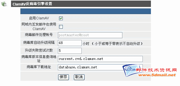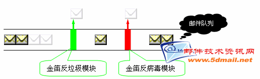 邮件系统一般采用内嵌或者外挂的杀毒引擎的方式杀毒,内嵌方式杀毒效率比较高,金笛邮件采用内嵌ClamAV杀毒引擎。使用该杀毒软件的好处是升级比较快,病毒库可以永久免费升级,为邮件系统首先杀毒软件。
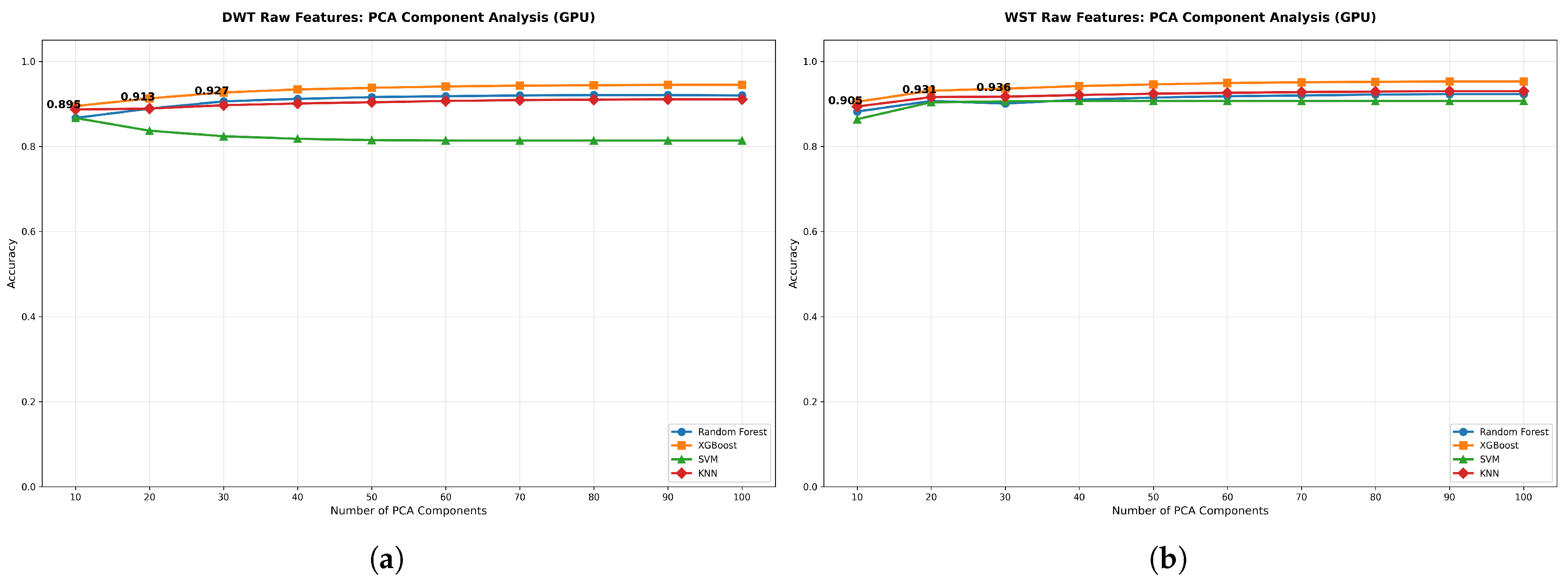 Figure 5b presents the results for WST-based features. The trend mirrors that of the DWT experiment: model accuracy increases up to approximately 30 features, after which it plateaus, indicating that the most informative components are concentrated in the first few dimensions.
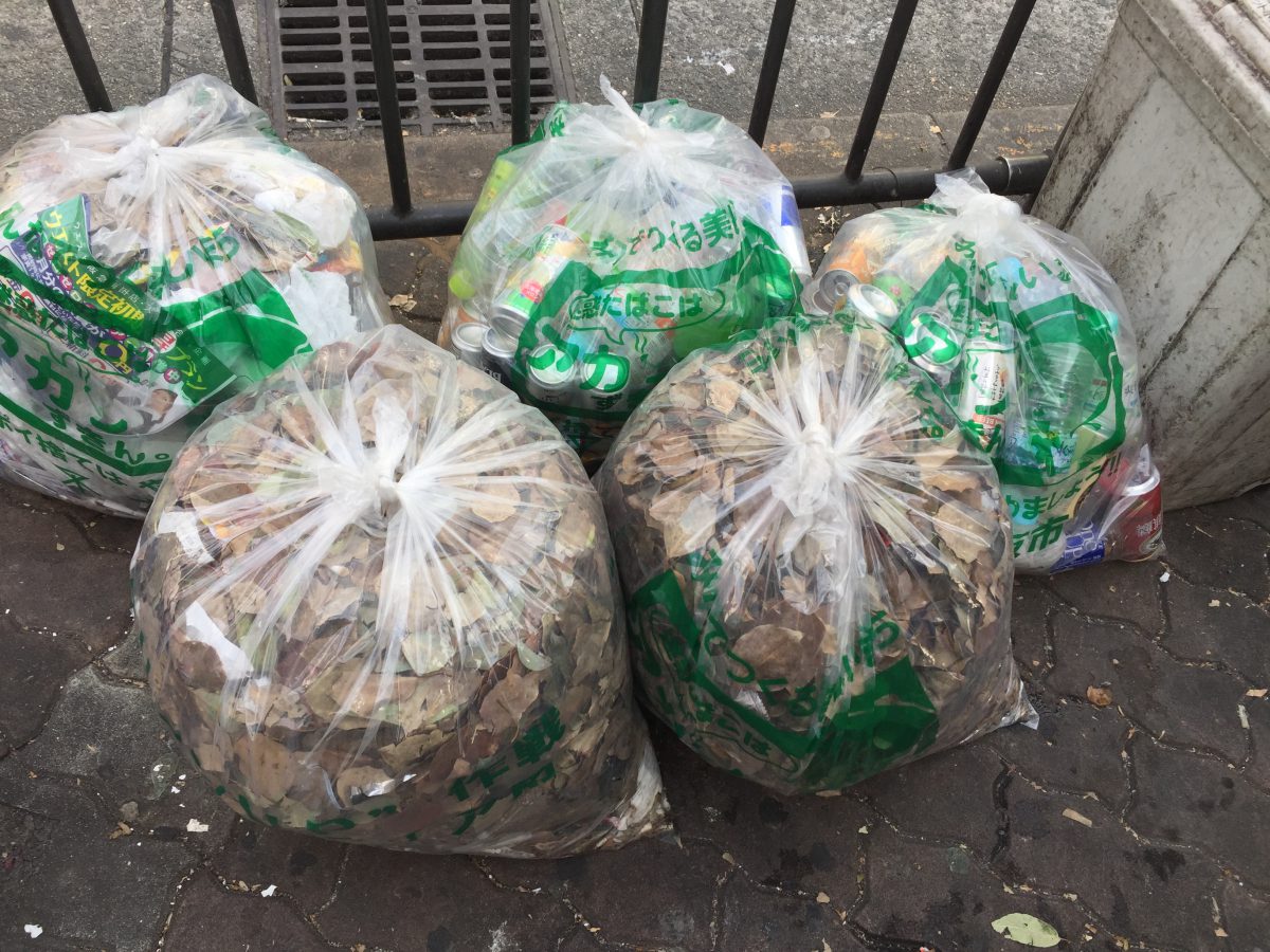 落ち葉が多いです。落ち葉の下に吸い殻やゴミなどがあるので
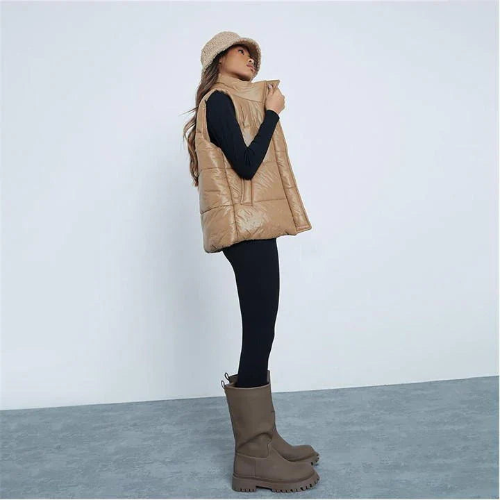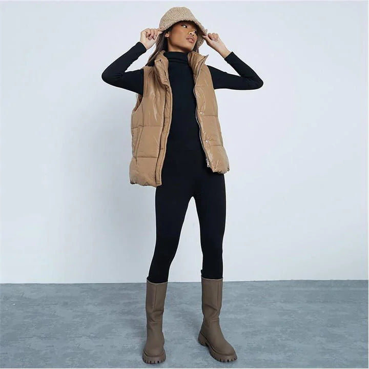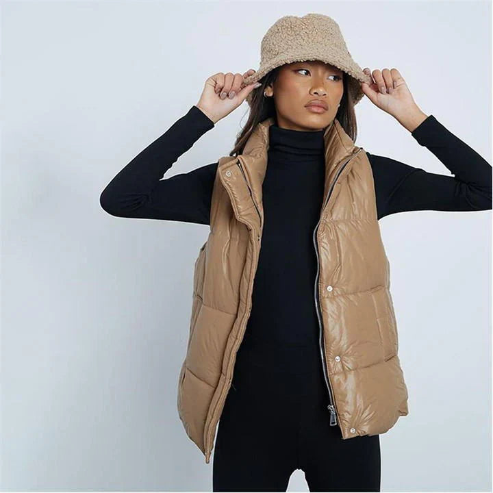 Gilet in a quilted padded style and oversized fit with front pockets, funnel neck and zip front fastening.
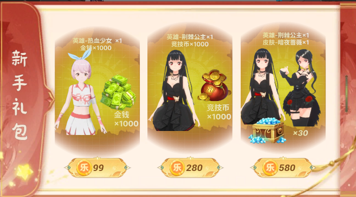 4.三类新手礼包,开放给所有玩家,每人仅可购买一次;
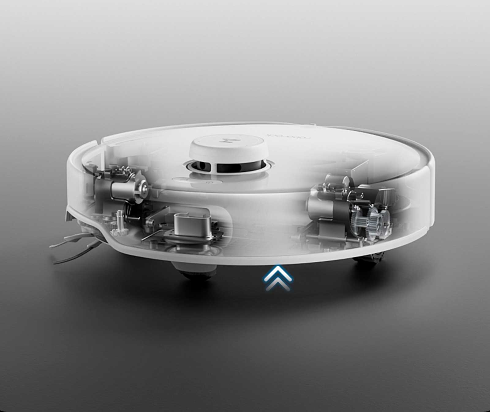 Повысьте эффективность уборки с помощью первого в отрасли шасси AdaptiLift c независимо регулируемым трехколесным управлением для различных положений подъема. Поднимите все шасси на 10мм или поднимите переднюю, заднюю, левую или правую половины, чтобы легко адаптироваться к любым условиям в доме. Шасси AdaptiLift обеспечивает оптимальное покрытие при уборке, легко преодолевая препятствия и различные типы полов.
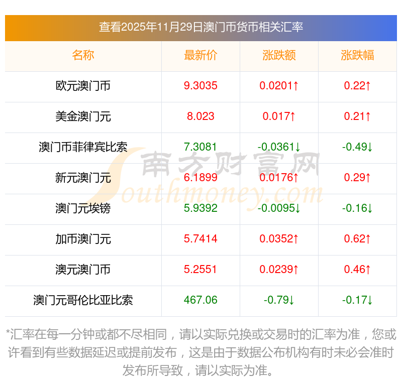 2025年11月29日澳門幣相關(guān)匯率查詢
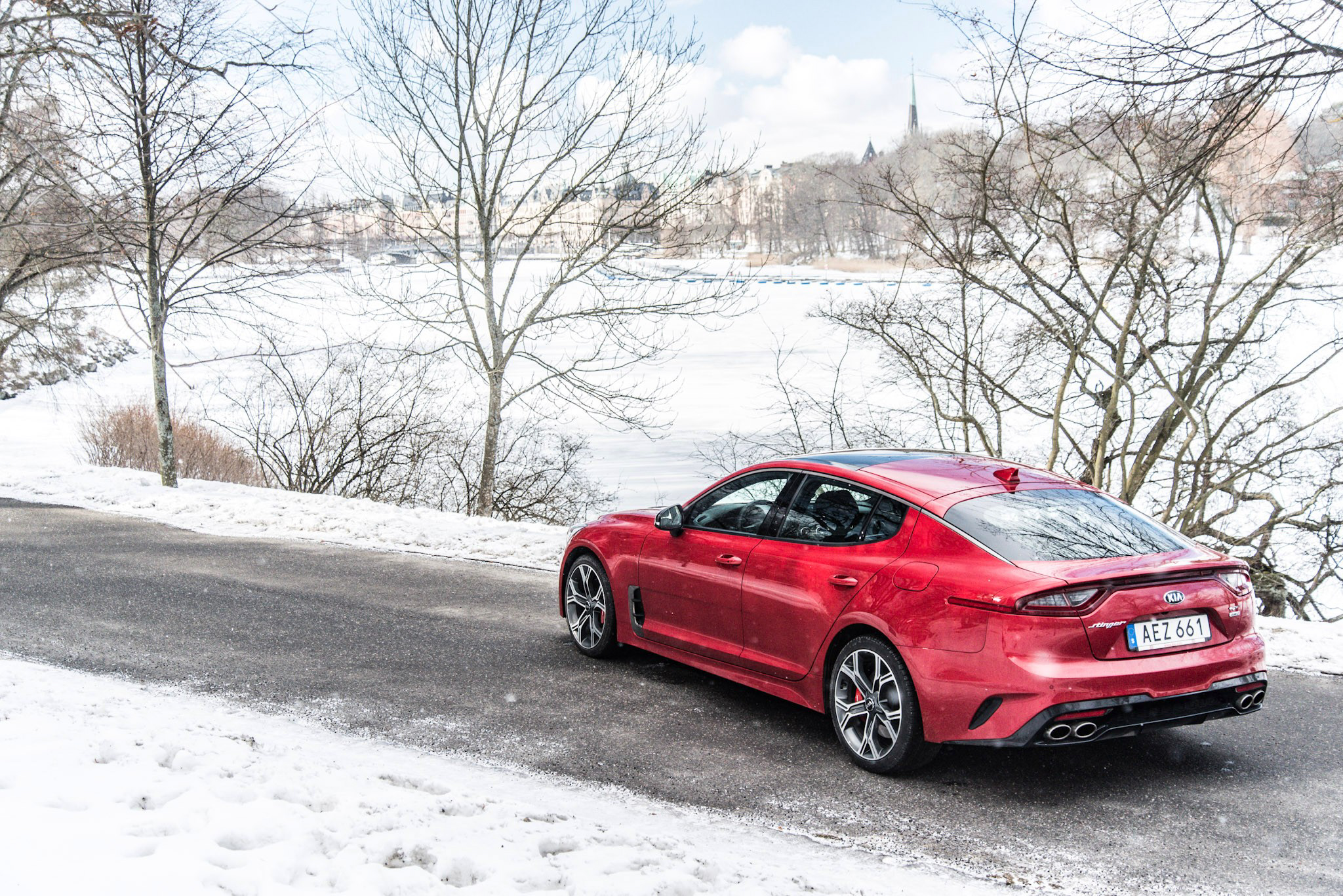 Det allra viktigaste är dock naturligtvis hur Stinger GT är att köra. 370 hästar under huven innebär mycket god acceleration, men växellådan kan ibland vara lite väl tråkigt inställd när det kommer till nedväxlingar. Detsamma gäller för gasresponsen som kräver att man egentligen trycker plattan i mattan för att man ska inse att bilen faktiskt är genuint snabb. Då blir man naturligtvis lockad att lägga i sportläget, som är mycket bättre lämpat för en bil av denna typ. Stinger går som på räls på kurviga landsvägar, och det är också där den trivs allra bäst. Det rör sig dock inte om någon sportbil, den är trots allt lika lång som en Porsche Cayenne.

= = = =

Write out all the entries word for word, but skip any images.

 邮件系统一般采用内嵌或者外挂的杀毒引擎的方式杀毒,内嵌方式杀毒效率比较高,金笛邮件采用内嵌ClamAV杀毒引擎。使用该杀毒软件的好处是升级比较快,病毒库可以永久免费升级,为邮件系统首先杀毒软件。
 Figure 5b presents the results for WST-based features. The trend mirrors that of the DWT experiment: model accuracy increases up to approximately 30 features, after which it plateaus, indicating that the most informative components are concentrated in the first few dimensions.
 落ち葉が多いです。落ち葉の下に吸い殻やゴミなどがあるので
 Gilet in a quilted padded style and oversized fit with front pockets, funnel neck and zip front fastening.
 4.三类新手礼包,开放给所有玩家,每人仅可购买一次;
 Повысьте эффективность уборки с помощью первого в отрасли шасси AdaptiLift c независимо регулируемым трехколесным управлением для различных положений подъема. Поднимите все шасси на 10мм или поднимите переднюю, заднюю, левую или правую половины, чтобы легко адаптироваться к любым условиям в доме. Шасси AdaptiLift обеспечивает оптимальное покрытие при уборке, легко преодолевая препятствия и различные типы полов.
 2025年11月29日澳門幣相關(guān)匯率查詢
 Det allra viktigaste är dock naturligtvis hur Stinger GT är att köra. 370 hästar under huven innebär mycket god acceleration, men växellådan kan ibland vara lite väl tråkigt inställd när det kommer till nedväxlingar. Detsamma gäller för gasresponsen som kräver att man egentligen trycker plattan i mattan för att man ska inse att bilen faktiskt är genuint snabb. Då blir man naturligtvis lockad att lägga i sportläget, som är mycket bättre lämpat för en bil av denna typ. Stinger går som på räls på kurviga landsvägar, och det är också där den trivs allra bäst. Det rör sig dock inte om någon sportbil, den är trots allt lika lång som en Porsche Cayenne.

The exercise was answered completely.